The strengths of this analysis include the robust nursing home sample, the near universal monitoring of COVID-19, and the daily monitoring of temperature. These data collections allow for the construction of a more comprehensive picture of temperature and vital signs and can also inform decisions for SARS-CoV-2 testing and follow-up. We note 2 important limitations. First, we have not distinguished sensitivity of temperature thresholds for SARS-CoV-2 detection when separated between individuals who have met other symptom screening criteria from those who do not. However, the systematic approach by the VHA to perform national testing and the exclusion of individuals with known COVID-19 suggest that the vast majority of these individuals were asymptomatic at the time of testing. Second, the findings may not be generalizable to an older population as a whole because our sample is limited to one that is predominantly male with extensive comorbidities.

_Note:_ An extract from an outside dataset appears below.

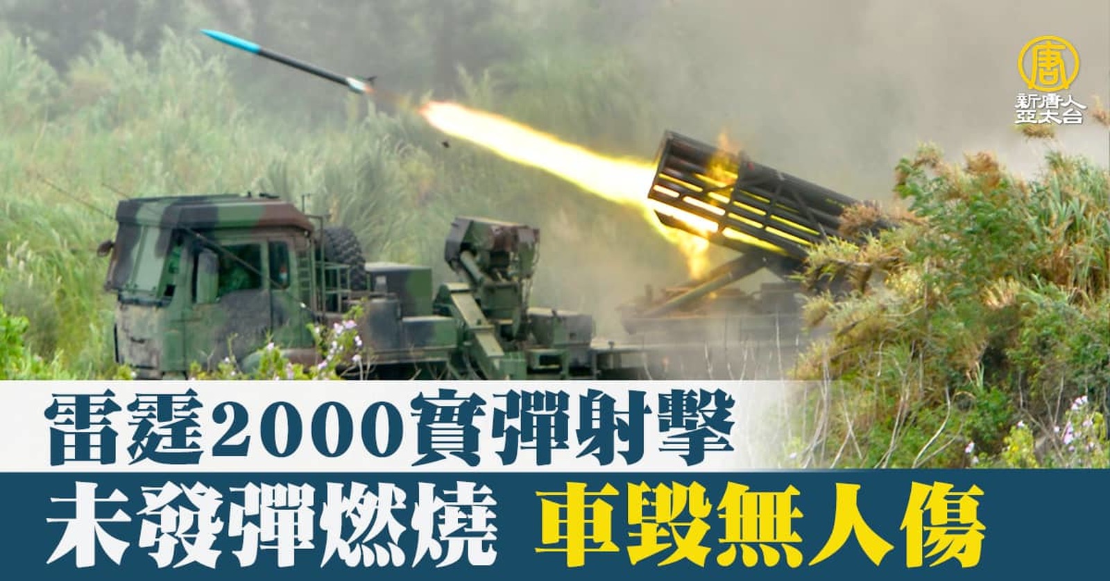 再來看到,陸軍58砲指部一輛雷霆2000火箭發射車,上午9點多,在屏東九鵬基地,進行陸軍年度雷霆操演實彈射擊時,突然發生爆炸事故,導致整輛車被炸毀引發大火,所幸發射時,人員都必須遠距操控,未造成傷亡,目前軍方已停止演訓,調查發生原因中。 //asset1.ntdtv.com.tw/public/uploads/assets/2022/06/20/2022-06-20-62b062bb1e8da.mp4 雷霆2000火箭發射車|實彈射擊|爆炸|屏東|九鵬基地|202206202022-06-20 21:51:15

The universal screening provided an important measurement structure, but limits our knowledge of which residents might have been screened otherwise.

Conclusions and Implications

Most older nursing home residents do have temperature elevations when infected with SARS-CoV-2, but this elevation infrequently meets a fever threshold 38.0°C. Lower temperature excursions, such as 0.5°C, can improve sensitivity and recurrent excursions specificity for SARS-CoV-2 infection. Consideration of triggering COVID-19 screening based on an excursion threshold from a personalized temperature range may lead to earlier recognition of COVID-19 activity in a long-term care setting.